At the heighest point on earth, the distance to the center of the earth is approximately equal to 1.0014 times the radius of the earth. What would be in N/kg the magnitude of the gravitational field (g) due to the earth at that position? Assume 9.8 N/kg for g at the surface of the earth.

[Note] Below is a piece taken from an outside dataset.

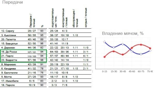 Неудивительно, что Де Росси, Верратти и Пирло выполнили больше всего передач в матче. Добавим сюда передачи Мотты, который заменил Верратти во втором тайме, и получим общую сумму передач для центральных полузащитников – 301 (46% от общего количества всей команды). На графике справа (синяя кривая) видно, что в первой половине итальянцы чаще владели мячом (65%), что значительно больше среднего значения за матч (56%). Это важно отметить, так как ключевые события в игре приходятся на отрезок до 50 минуты, когда счет стал 2:1 в пользу Италии.
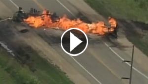 حريق فظيع بعد تصادم مريع.. شاهد كيف اشتعلت المركبة وناقلة ..

g=GM/R2 also g'=GM/r2 gR2=GM=g'2 9.8R2=g'(1.0014R)2 g'=9.77N/kg

To calculate the gravitational field at the highest point on Earth, we can use the gravitational field formula:

g = (G * M) / r^2

Where:
g is the gravitational field
G is the gravitational constant (approximately 6.67430 × 10^-11 N m^2 / kg^2)
M is the mass of the Earth
r is the distance from the center of the Earth

First, we need to find the distance from the center of the Earth to the highest point. We are given that this distance is approximately 1.0014 times the radius of the Earth.

Let's assume the radius of the Earth (rE) = 6,371 km.

So, the distance to the highest point (d) would be:
d = 1.0014 * rE

Next, we'll use this value of d to calculate the magnitude of the gravitational field (g) at the highest point:

g = (G * M) / d^2

Now, we have all the information we need to solve for g. Let's plug in the known values:

G = 6.67430 × 10^-11 N m^2 / kg^2
M = mass of the Earth (approximately 5.972 × 10^24 kg)
d = 1.0014 * rE

Plugging these values into the equation, we can calculate the gravitational field (g) at the highest point:

g = (6.67430 × 10^-11 N m^2 / kg^2 * 5.972 × 10^24 kg) / (1.0014 * rE)^2

Now, substituting the value of rE (6,371 km) and performing the calculation, we can find the magnitude of the gravitational field:

g = (6.67430 × 10^-11 N m^2 / kg^2 * 5.972 × 10^24 kg) / (1.0014 * 6,371,000 m)^2

Evaluating this expression will give us the final answer for the magnitude of the gravitational field (g) at the highest point on Earth.